Interning at ESO's Paranal Observatory

Almost a year ago today, I was hastily finishing the motivational letter required for consideration in ESO’s 2019 winter internship programme, just a few hours before the deadline.

A few days later, I was working through a Skype interview with my future supervisors.

Perhaps a week after that, I had secured a place as a 6 month software engineering intern in the Information and Knowledge Management group at Paranal Observatory in the Atacama desert in Chile.

Wow, that was fast.

Thrilled, and with frankly quite a bit of other things on my mind (I was in the midst of revision for my final undergraduate exams), I searched for articles, YouTube videos, blogposts, ANYTHING, discussing life at the observatory from a non-corporate, and ideally intern’s point of view. Unfortunately, and perhaps unsurprisingly, I could not find anything.

Now that I’ve completed the internship, I hope this blogpost can provide some insight on what interning at Paranal Observatory is like, and hopefully attract future bright candidates to apply.

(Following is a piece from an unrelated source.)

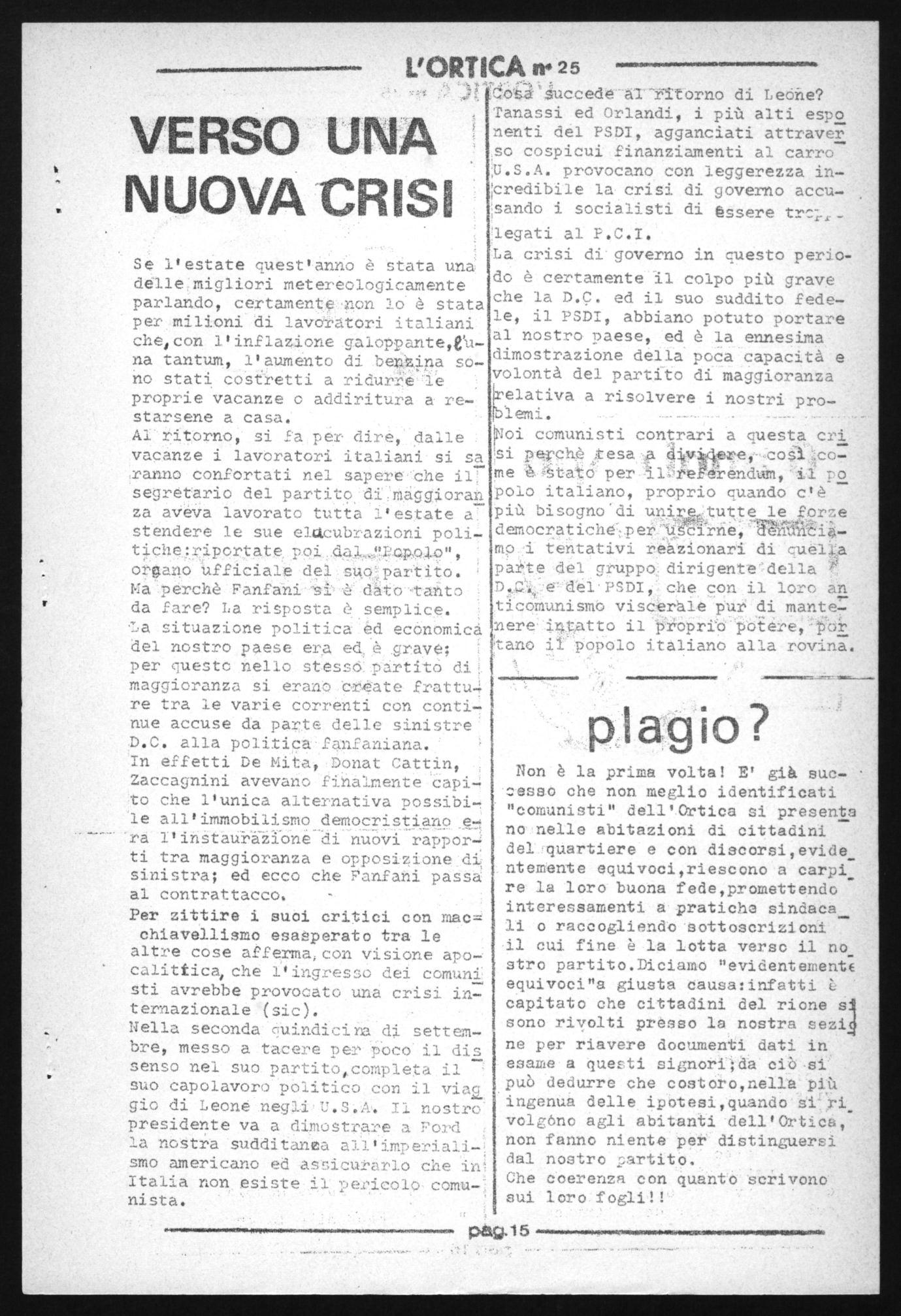 do è certamente il colpo più grave che la D.C. ed il suo suddito fedele, il PSDI, abbiano potuto portare al nostro paese, ed è la ennesima dimostrazione della poCa capacità e volontà del partito di maggioranza (relativa a risolvere i nostri problemi.

Work at Paranal Observatory

ESO’s mission statement reads:

to provide state-of-the-art research facilities to astronomers and astrophysicists, allowing them to conduct front-line science in the best conditions

The key word in this statement is provide. ESO’s observatory’s role is to provide the instruments and facilities for astronomers across the globe to conduct their research. What this means, is that time is among the most valuable resources at the observatories, including Paranal. Each observatory has at their top of their priority to maximize the amount of time they stay operational. Paranal Observatory is in fact operational 24 / 7.

What this means is that there always needs to be someone on site, and given its location, this requires the observatory to follow shifts rather than your traditional 5-2 work-rest week format.

Instead, employees at Paranal typically work for 8 consecutive days, and then have a rest period of 6 days. While in their work shift, the workday starts at 8:00 and ends at 19:00, with an hour break at lunch. Some of the staff (mostly astronomers) work during the night instead of during the day. This structure ensures that there is always someone active and ready to respond to issues, keeping the observatory operational, while not going over a 40 hr/week average of work for the employees.

Getting to Paranal

Paranal Observatory is in the Atacama Desert in Chile, about 2 hours away from the Pacific-facing city of Antofagasta. It’s kind of in the middle of nowhere.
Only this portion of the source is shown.